Ну я не знал, как ей объяснить – да никакого объяснения у меня не было, – просто я думал об этой девушке все время с тех пор, как ее увидел. Я не знал, что сказать.

– Не знаю, просто так, – сказал я.

– Она вам понравилась?

– Мне бы хотелось узнать, кто она такая.

– Приходите в семь часов обедать, и я вам скажу.

Я еще посидел немножко за столом писателя. Тут он вошел, неуклюже ступая, и сказал:

– Сидите, не вставайте. Вы имеете такое же право сидеть в моем кресле и за моим столом, как и я, ибо полковник только что дал мне новое задание на сценарий.
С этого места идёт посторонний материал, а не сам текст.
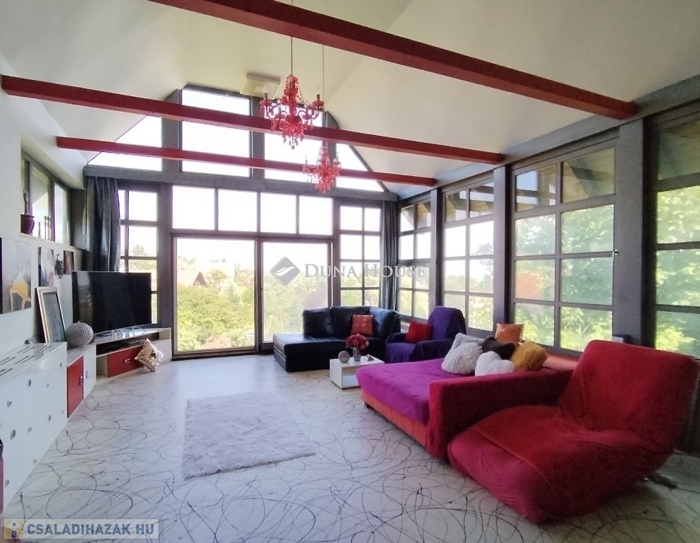 Eladó egy napfényes családi ház Pécs Donátusban, amely egy 1 364 m²-es telken fekszik és 179 m²-es élettérrel rendelkezik. A Csoronikában található családi ház könnyen megközelithető, buszemegállótól 2 percre található! A 3 szintes otthon, mely 1985-ben épült és 2015-ben bővítették, panorámás kilátást kínál a Mecsekre és a TV-toronyra. A ház szigetelve van, új, Viesmann kondenzációs kazánnal és cserépkályhával fűtött, így az energetikai hatékonyság is kiemelkedő.A lakótér szinteltolással megvalósított, a nappali felett galériával kialakítva. A hatalmas, 55 m²-es nappali ablakai állandó fényt és napsütést biztosítanak, így élvezheti a lenyűgöző kilátást. A ház 4 hálószobával rendelkezik, melyek közül 3 klímával felszerelt, biztosítva a komfortos pihenést a nyári hónapokban. Emellett dupla komfortos (egyik zuhanyzóval, másik fürdőkáddal), és van egy különálló WC is.További helyiségek a praktikus mosókonyha, egy tágas gardróbszoba, spájz, szauna és külön tároló helyiség.A kényelmet szolgálja a 2 autónak elegendő, 60 m²-es támfalgarázs mellé tároló is tartozik. Az alagsorban borospince is helyet kapott, mely kitűnő lehetőség a borok érlelésére. A vezetékes víz mellett egy 100 méter mély, ivóvíz minőségű fúrt kút is biztosított. A kertben gyümölcsfák és rózsák biztosítják a természet közelségét, az udvaron pedig egy 50 m³-es ciszterna áll rendelkezésre.Ez a különleges családi ház remek lehetőséget kínál egy gyönyörű otthon kialakítására a Mecsek lábánál, lenyűgöző panorámával. Szívesen várunk minden érdeklődőt, aki szeretne egy igazán egyedi otthont!

– Сколько времени в нашем распоряжении?

– Месяц.

– Я напишу его завтра.

– Нет, – сказал писатель, – давайте сделаем, как все. Давайте подумаем две-три недели – так будет легче, и таков здесь обычай.

– А о чем на этот раз?

– О дезертирстве. Полковник полагает, что это как раз в моем духе. Говорит – не бойтесь пересолить, нагоните на них чертовского страху. Советую кончить картину тем, что парня за дезертирство расстреливают.

– А кто его расстреливает?

Мне стало жалко ребят, которым придется расстреливать дезертира. Даже более жалко, чем самого дезертира. Ведь они останутся жить, а он нет, а меня, конечно, больше интересовали живые. Стоит ли много думать о человеке, который все равно умрет?

– Кто его расстреляет? – удивился писатель. – Мы с вами его расстреляем.

– Ну а по сценарию, – сказал я, – кто его расстреляет?

– Мы с вами. Вот почему я хочу хорошенько все обдумать на этот раз. Вы бы хотели его расстрелять?

– А вы?

– Нет.

– Ну и я тоже.

– А почему?

– Потому что этим дезертиром могу оказаться я сам, – сказал я. – А почему вы не хотите?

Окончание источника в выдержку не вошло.